标题：目标对齐：提取对齐的大语言模型的安全分类器

大语言模型（LLMs）的对齐用于强制执行诸如安全等准则。然而，对齐在面对修改输入以诱导不安全输出的监狱突破攻击时会失效。在本文中，我们介绍并评估了一种新的监狱突破攻击技术。我们观察到，对齐在LLM中嵌入了一个安全分类器，用于决定拒绝或遵守，我们寻求提取该分类器的近似值：一个替代分类器。为此，我们从LLM的子集构建候选分类器。我们首先在良性和对抗性环境中评估候选分类器与LLM的安全分类器的近似程度。然后，我们攻击候选分类器并测量生成的对抗性输入转移到LLM的效果。我们的评估表明，最好的候选分类器仅使用模型架构的20%即可实现准确的共识（F1分数超过80%）。此外，我们发现针对替代分类器的攻击可以成功转移到LLM。例如，仅使用Llama 2模型的50%的替代分类器实现了70%的攻击成功率（ASR），且内存占用和运行时间仅为直接攻击LLM的一半——这比直接攻击LLM的22% ASR有了显著改进。这些结果表明，提取替代分类器是建模（并因此解决）对齐模型对监狱突破攻击的脆弱性的一种有效且高效的方法。代码可在https://github.com/jcnf0/targeting-alignment/ 获取。

Summary / 总结

This paper introduces a new technique for jailbreak attacks on aligned large language models (LLMs) by extracting a surrogate safety classifier from the LLM. The method evaluates candidate classifiers built from subsets of the model and finds that the best candidates can achieve accurate agreement with the LLM's safety classifier using as little as 20% of the model architecture. Surrogate classifiers can be attacked effectively, with a 70% attack success rate using only 50% of the Llama 2 model, which is a significant improvement over directly attacking the LLM. This shows that extracting surrogate classifiers is an effective and efficient approach to addressing the vulnerability of aligned models to jailbreak attacks.

本文提出了一种针对对齐的大语言模型（LLM）的新型 jailbreak 攻击技术，通过从 LLM 中提取代理安全分类器。该方法评估来自 LLM 子集的候选分类器，并发现最佳候选者可以使用模型架构的 20% 或更少实现与 LLM 安全分类器的准确一致。代理分类器可以被有效攻击，生成的对抗性输入可以成功转移到 LLM，证明提取代理分类器是应对对齐模型对 jailbreaking 攻击的漏洞的有效且高效的方法。

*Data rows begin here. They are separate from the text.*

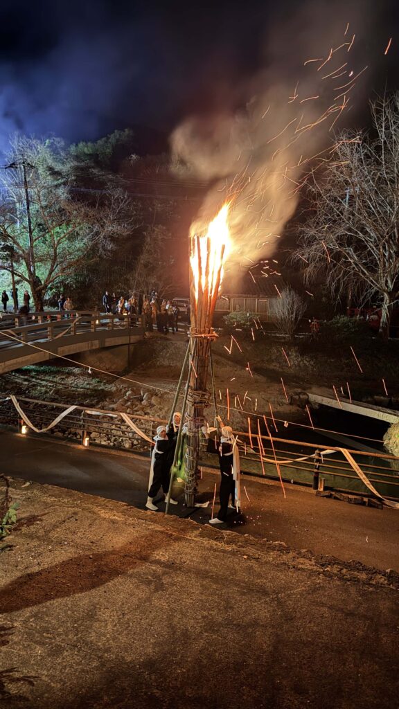 長さ6メートルをゆうに超える大松明が立ち上がった様は圧巻。
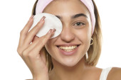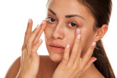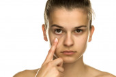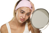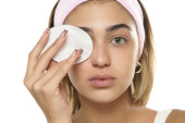 młoda kobieta dotyka swoich majtek na białym tle studia
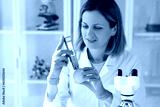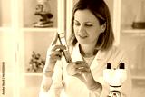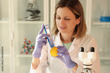 Scientist examines mandarin with equipment in laboratory
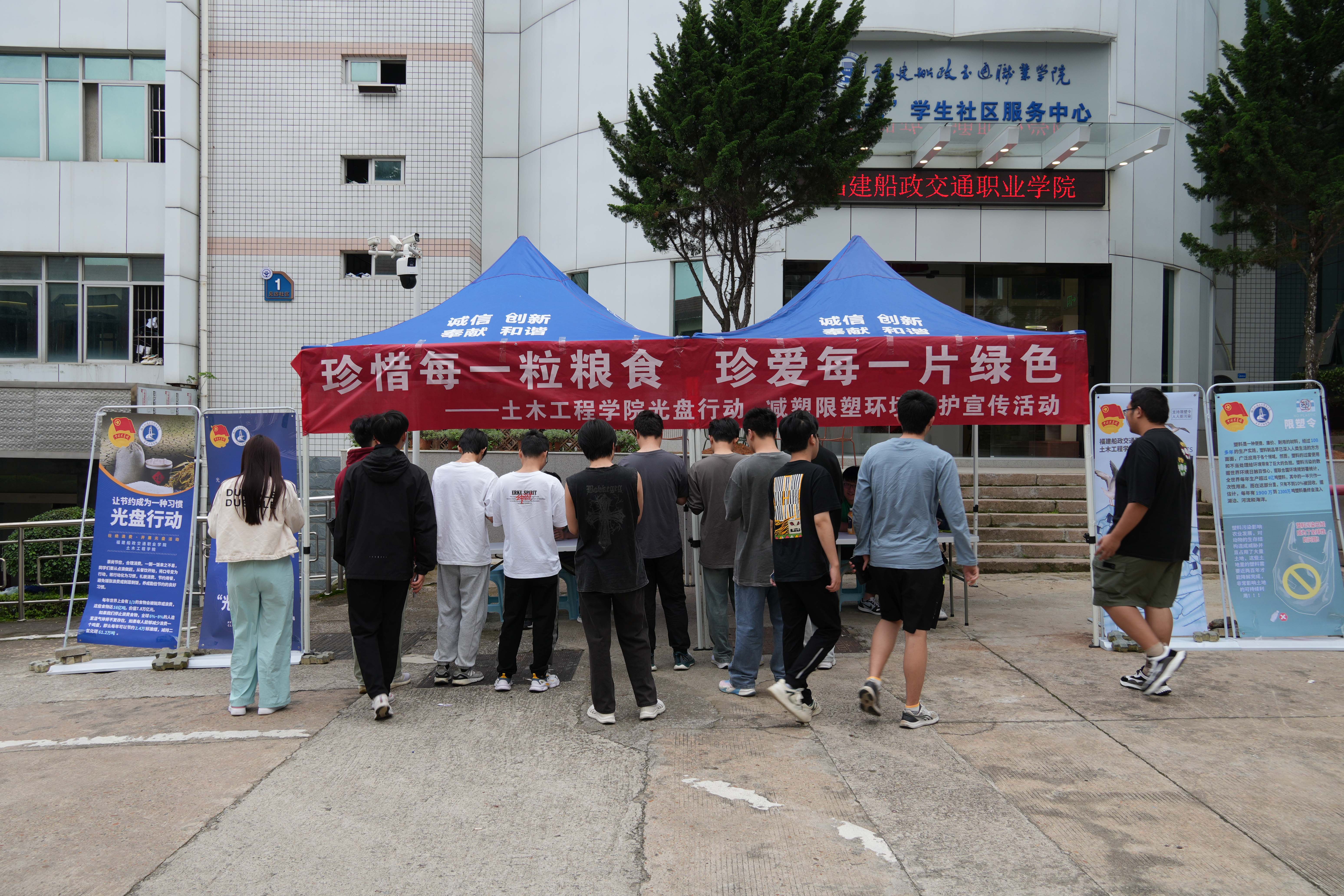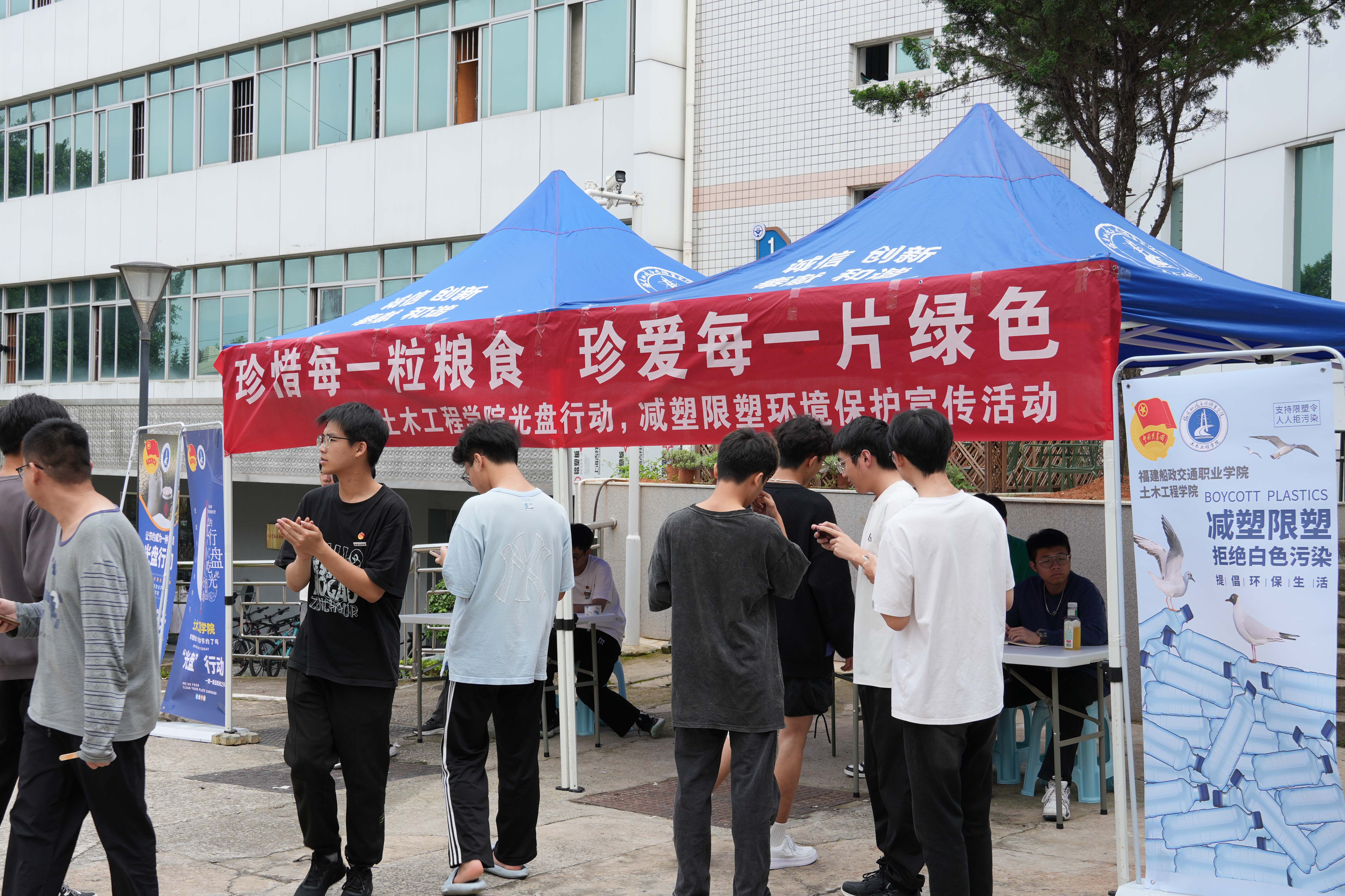 為發(fā)揚(yáng)中華民族勤儉節(jié)約、與自然和諧共生的傳統(tǒng)美德,響應(yīng)習(xí)近平總書記“綠水青山就是金山銀山”的號(hào)召,增強(qiáng)同學(xué)們節(jié)約糧食和保護(hù)環(huán)境意識(shí),引導(dǎo)同學(xué)們養(yǎng)成良好的行為習(xí)慣。2024年4月24日,土木工程學(xué)院在福航園“一站式”學(xué)生社區(qū)服務(wù)中心開展“光盤行動(dòng),‘塑’戰(zhàn)‘塑’決”宣傳活動(dòng)。
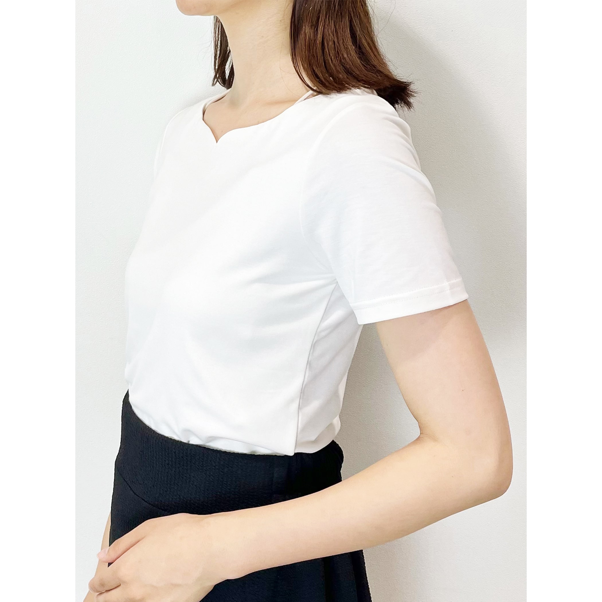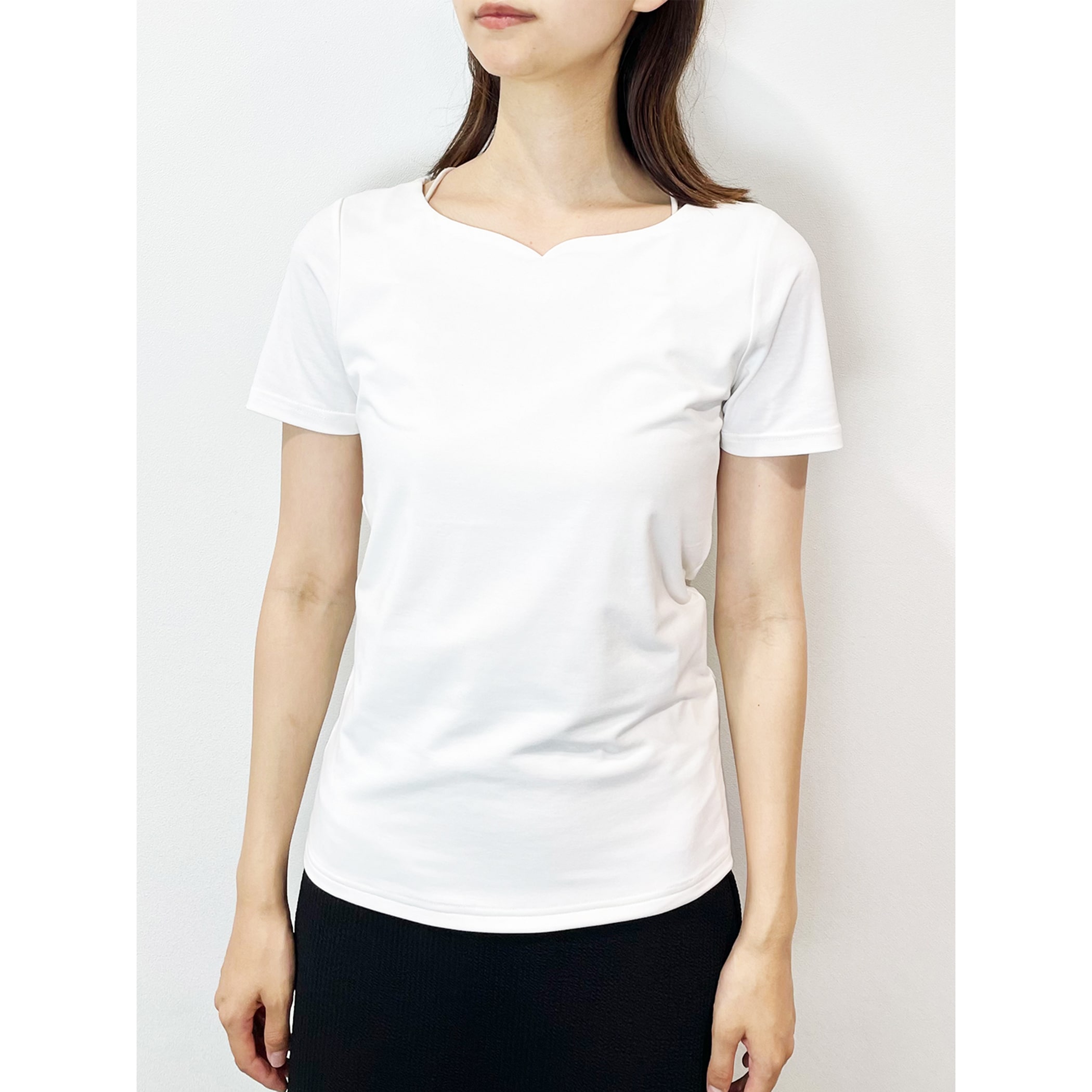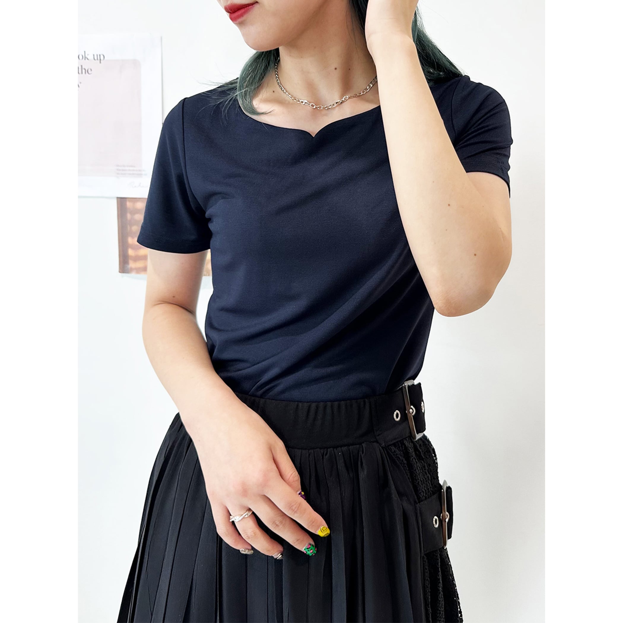 ハートネックでほどよい肌見せができ、デコルテラインの綺麗見えも叶います。
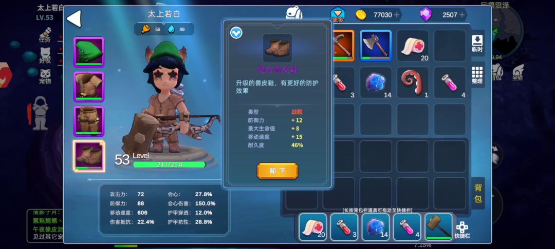 我装备大家都看到了吧还带了件首充衣服然后就布甲 布鞋的25级都可以做 刀也可以拿25级的最好是橙色的拿来拉怪刷怪带高效率 最后剩下两个扫地机器人和机械龙可以换弓来拉扯 重点来了 装备最低25级布甲衣服 刀(橙)和弓 祭坛最低拉到二级拉满横扫红色铭文的属性(组合刀技能的效果) 假如你问我为什么拿刀不拿弓 后面几个远程怪看到了吧 根本没时间让你放技能 你说机械龙最高奖励应该也就掉阿尔法蛋了吧 切记用技
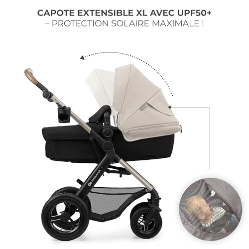 Kinderkraft MOOV2 AIR Poussette 3 en 1, Système de voyage de la naissance à 22 kg, Siège auto Mink PRO I-Size inclus, Capote extensible avec filtre UPF50+, Roues gonflables, Gris
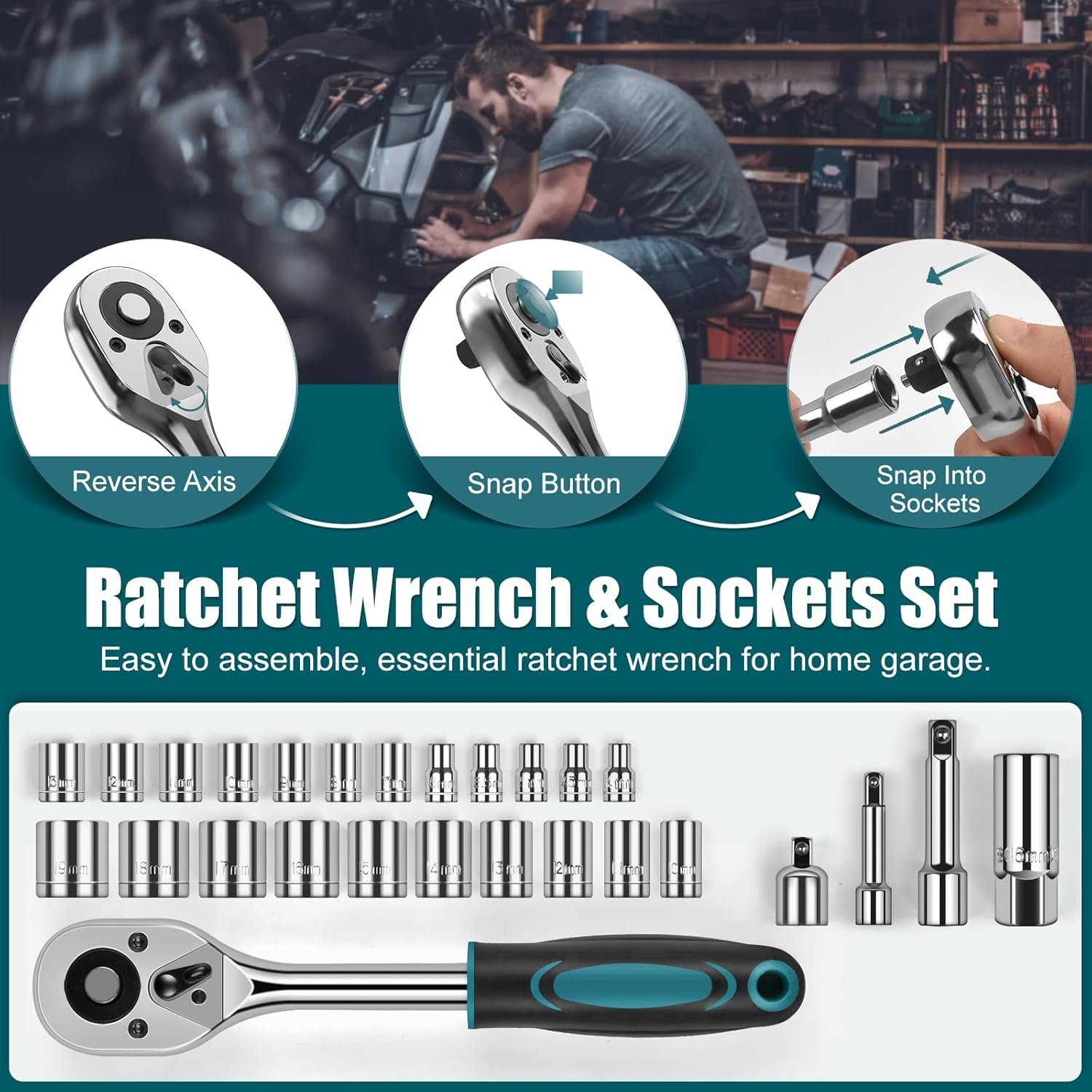 Sundpey Home Tool Kit 257-PCs – Household Basic Repair Tool Set for Men Women – General Hand Mechanic’s Tool Set & Screwdriver Set & Wrench Set & Socket & Portable Tool Box Storage Case Blue
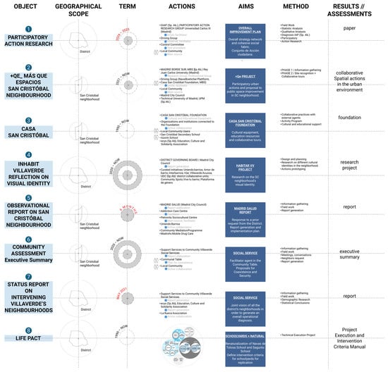 Figure 6. Mapping of existing projects, studies, and initiatives in the territory. - CS|Evolving communication: The second cross-cutting stage consisted of designing a communication strategy as a pedagogical, political, and cultural tool that did not limit itself to informing, but accompanied the process, critically documented it, and allowed for shared learning [69]. Audiovisual materials were produced (such as the video manifesto La Asamblea de la Infancia and the documentary In Praise of the Schoolyard), collective publications, graphic records of the workshops, and educational resources adapted to different ages and audiences [Appendix C: List of dissemination activities (videos)]. In addition, public events, school presentations, and technical forums were held, where progress was shared, impressions were gathered, and approaches were fine-tuned. This evolving communication legitimised the process, broadened its scope, and strengthened community ownership.
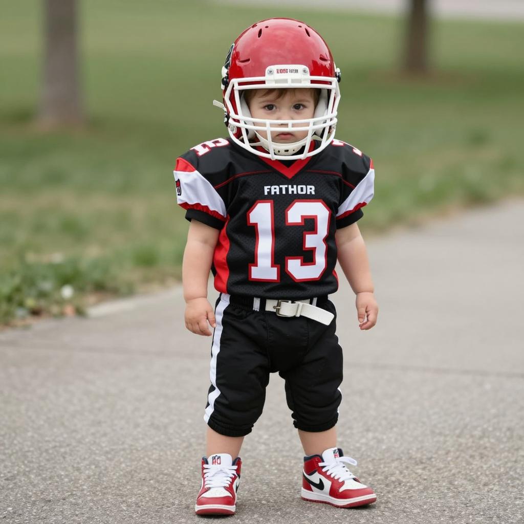 Infant football player, photograph of a toddler wearing a full NFL football uniform, number 13, standing on a paved path, daytime, outdoor setting, green blurry background, small child with brown hair, red and white helmet, black jersey with red and white accents, black pants with white stripe, white belt, red and white sneakers, serious expression, soft natural light, slight shadow on ground, realistic style, child centered, background out of focus

Hyperphantasia: A Benchmark for Evaluating the Mental Visualization Capabilities of Multimodal LLMs

Authors: Mohammad Shahab Sepehri, Berk Tinaz, Zalan Fabian, Mahdi Soltanolkotabi

First: 2025-07-16T05:54:37+00:00 · Latest: 2026-01-21T17:27:26+00:00

Abs · PDF · Code1 · Code2

Abstract

Mental visualization, the ability to construct and manipulate visual representations internally, is a core component of human cognition and plays a vital role in tasks involving reasoning, prediction, and abstraction. Despite the rapid progress of Multimodal Large Language Models (MLLMs), current benchmarks primarily assess passive visual perception, offering limited insight into the more active capability of internally constructing visual patterns to support problem solving. Yet mental visualization is a critical cognitive skill in humans, supporting abilities such as spatial navigation, predicting physical trajectories, and solving complex visual problems through imaginative simulation. To bridge this gap, we introduce Hyperphantasia, a synthetic benchmark designed to evaluate the mental visualization abilities of MLLMs through four carefully constructed puzzles. Each puzzle is procedurally generated and presented at three difficulty levels, enabling controlled analysis of model performance across increasing complexity. Our comprehensive evaluation of state-of-the-art models reveals a substantial gap between the performance of humans and MLLMs. Additionally, we explore the potential of reinforcement learning to improve visual simulation capabilities. Our findings suggest that while some models exhibit partial competence in recognizing visual patterns, robust mental visualization remains an open challenge for current MLLMs.

中文标题/摘要

标题：超幻象：评估多模态大语言模型的内心可视化能力基准

内心可视化，即构建和操控内部视觉表征的能力，是人类认知的核心组成部分，在涉及推理、预测和抽象的任务中发挥着重要作用。尽管多模态大语言模型（MLLMs）取得了快速进展，当前的基准主要评估被动的视觉感知，对模型内部构建视觉模式以支持问题解决的更主动能力提供有限的洞察。然而，内心可视化是人类的一项关键认知技能，支持诸如空间导航、预测物理轨迹和通过想象模拟解决复杂视觉问题等能力。为了弥合这一差距，我们引入了超幻象，这是一种合成基准，旨在通过四个精心构建的谜题来评估MLLMs的内心可视化能力。每个谜题都是程序生成的，并以三个难度级别呈现，从而可以对模型在不断增加的复杂性下的表现进行受控分析。我们对最先进的模型的全面评估表明，人类和MLLMs在表现上存在显著差距。此外，我们还探讨了强化学习在提高视觉模拟能力方面的潜力。我们的研究结果表明，虽然一些模型在识别视觉模式方面表现出部分能力，但稳健的内心可视化仍然是当前MLLMs面临的开放挑战。

Summary / 总结

The paper introduces Hyperphantasia, a benchmark to evaluate the mental visualization capabilities of Multimodal Large Language Models (MLLMs). It consists of four procedurally generated puzzles at three difficulty levels to assess how well MLLMs can internally construct and manipulate visual representations. The evaluation shows a significant gap between human and MLLM performance, indicating that robust mental visualization is still a challenge for current models.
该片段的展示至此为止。